The Problem: Helping Exploratory Travelers Find Their Next Destination
When you open Airbnb without a clear destination in mind, you're not just browsing — you're exploring. These "exploratory" users behave differently: they search broadly ("France"), visit less frequently, and rarely book immediately. Yet, they represent a massive opportunity for engagement and conversion.
Airbnb's engineering team faced a unique challenge: how to recommend destinations to users who themselves don't know where they want to go? The solution is a sophisticated destination recommendation model that blends short-term behavior (recent searches, views) with long-term preferences (past bookings, seasonal patterns).
This post breaks down the architecture, training strategy, and real-world deployment of this system. If you're building recommendation engines or personalization features, the insights here are directly applicable.
For a deeper understanding of how to build knowledge agents without embeddings, check out our guide on using filesystem and bash.

Model Architecture: Transformers for Travel Intent
The core idea is simple but powerful: treat each user action as a token, inspired by language models. Here's how it works:
- Inputs: Sequences of user actions (bookings, views, searches) + contextual signals (current time, seasonality)
- Embedding: Each action is represented by the sum of embeddings for city, region, and "days to today"
- Transformer: A standard transformer encoder processes these sequences to capture both short-term and long-term dependencies
# Simplified pseudo-code for the model's forward pass
import torch
import torch.nn as nn
class DestinationTransformer(nn.Module):
def __init__(self, num_cities, num_regions, d_model=256, nhead=8):
super().__init__()
self.city_embed = nn.Embedding(num_cities, d_model)
self.region_embed = nn.Embedding(num_regions, d_model)

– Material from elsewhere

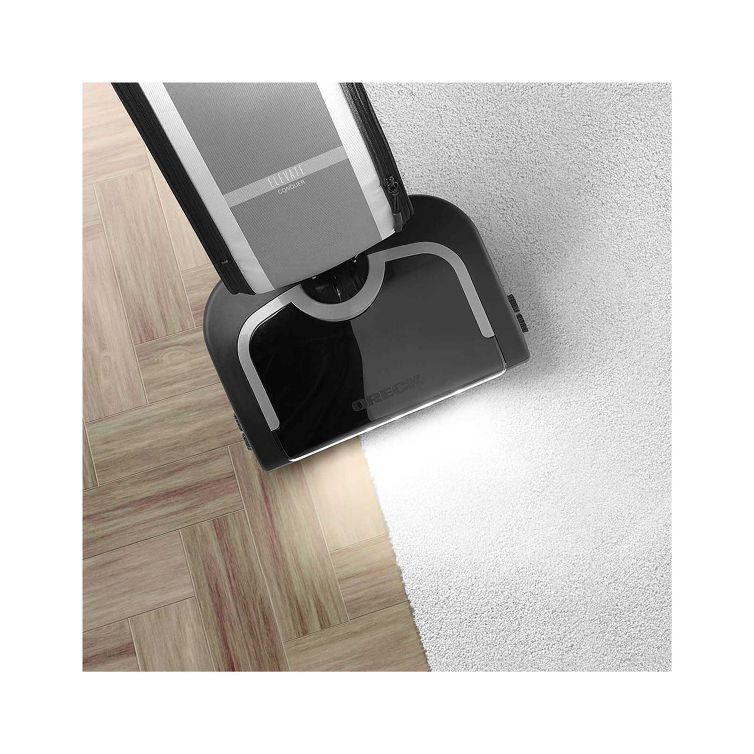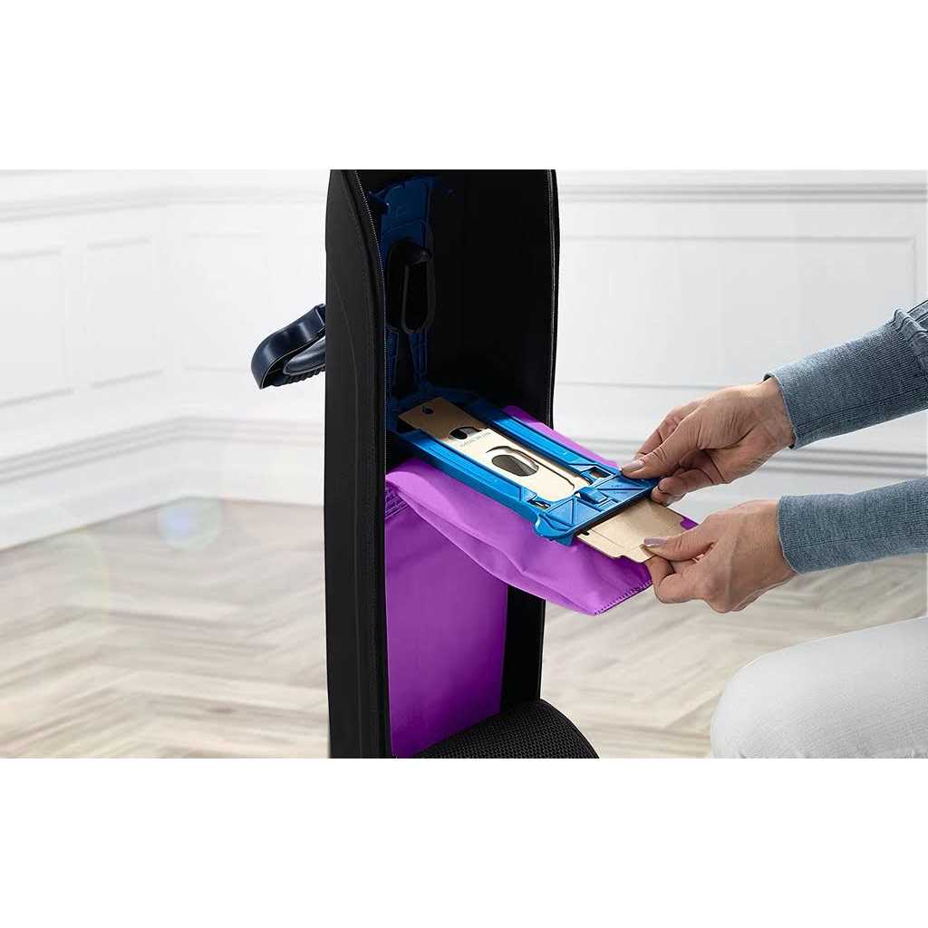 Elevate Conquer Unique Features View larger View larger SlimSwivel Steering Maximum Maneuverability and Powerful Performance for all floors. Easily pivot around and under furniture with its low profile design. Customize your Clean With two-speed fingertip controls that enable you to adjust speed based on your surface type. Superior Filtration Bag Hepa Media filtration traps at least 99.97% of particles at .3 microns including allergens mold spores pollen dander dust and smoke. View larger SaniSeal System Automatically seals to lock in allergens dust and debris. Lightweight Materials and Premium Design Combine to deliver maximum performance at half the weight of most vacuums. Full Access Low-Profile Design with Bright LED Headlights Finally reach under your furniture and see things you normally could not.

self.time_embed = nn.Linear(1, d_model) # days to today
self.transformer = nn.TransformerEncoder(
nn.TransformerEncoderLayer(d_model, nhead),
num_layers=6
)
# Multi-task heads: predict both city and region
self.city_head = nn.Linear(d_model, num_cities)
self.region_head = nn.Linear(d_model, num_regions)
def forward(self, city_ids, region_ids, days_to_today):
# Embed each action
x = self.city_embed(city_ids) + self.region_embed(region_ids) + self.time_embed(days_to_today.unsqueeze(-1))
# Transformer encoding
x = self.transformer(x)
# Multi-task predictions
city_logits = self.city_head(x[:, -1, :]) # use last token
region_logits = self.region_head(x[:, -1, :])
return city_logits, region_logits
Balancing Active vs. Dormant Users
One of the most interesting design decisions is how they handle different user states:
- Active users (e.g., someone who searched in the Bay Area last week): Training examples use up-to-date booking, view, and search data from 1–7 days before the actual booking.
- Dormant users (e.g., someone who booked last year and hasn't returned): Training examples use only booking data from 8–365 days before the booking, simulating early-stage exploration.
This dual-training strategy ensures the model works well for both "I know where I'm going" and "I'm just looking" scenarios.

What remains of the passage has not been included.